The STABLE team is composed of seven different partners from Italy (Sapienza University, Rome; University of Tuscia, Viterbo), Greece (National Technical University and Geosystem Hellas from Athens and FORTH from Rethymno) and Cyprus (Frederick University and System Space Solution Ltd), with specific expertise, coordinated together by ALMA Sistemi Srl (Italian SME), and with a plan of collaborations and staff exchanges in order to allow interdisciplinary research.

Some emblematic case studies of buildings from different countries were selected as test cases: a few blocks in the city centre of Rieti, Italy; city blocks in Nafplion and the Lavrion area, Greece; a few buildings in the central region of Strovolos, a district close to Nicosia, Cyprus; and, recently, some buildings in the historic centre of Rethymno in Crete, Greece.

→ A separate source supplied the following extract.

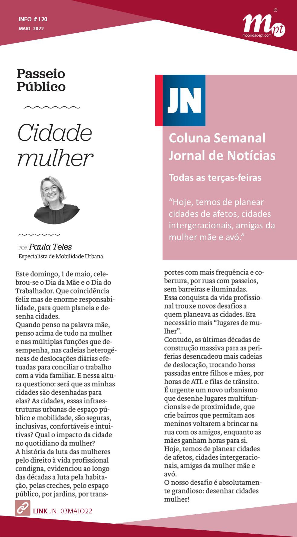 Paula Teles, esta terça-feira no JN, reforça o papal das mulheres nas cidades e a importância de as cidades estarem desenhadas de acordo com as necessidades destas.

The goal of the project is to define a risk modelling system through the integration of different data, from SAR satellite images to geological and geotechnical information, in order to create deformation soil maps. Additionally, we use free and open source solutions, as far as possible, to achieve all the above

The risk map generation

The study aims to investigate the vulnerability of the architectonic heritage and to combine the results with hazard scenarios, as a first fundamental step in the seismic risk mitigation process. The two key elements of a vulnerability analysis are the capacity (strength and deformation) of a structure and the seismic demand. From these elements it is possible to predict expected vulnerability functions of possible damage to the structure as an effect of the seismic input. Corresponding fragility curves will be determined, expressing the probability of a structure, belonging to a certain class, reaching or exceeding a particular damage grade given a deterministic estimate of the spectral displacement caused by an expected hazard (e.g. Kappos et al. 2008).
The expected risk is determined according to the following expression:
Risk = f (Hazard, Vulnerability)
where:
Hazard: seismicity of the region and accepted probability of exceedance of the destructive action
Vulnerability: capacity of the structure as described below.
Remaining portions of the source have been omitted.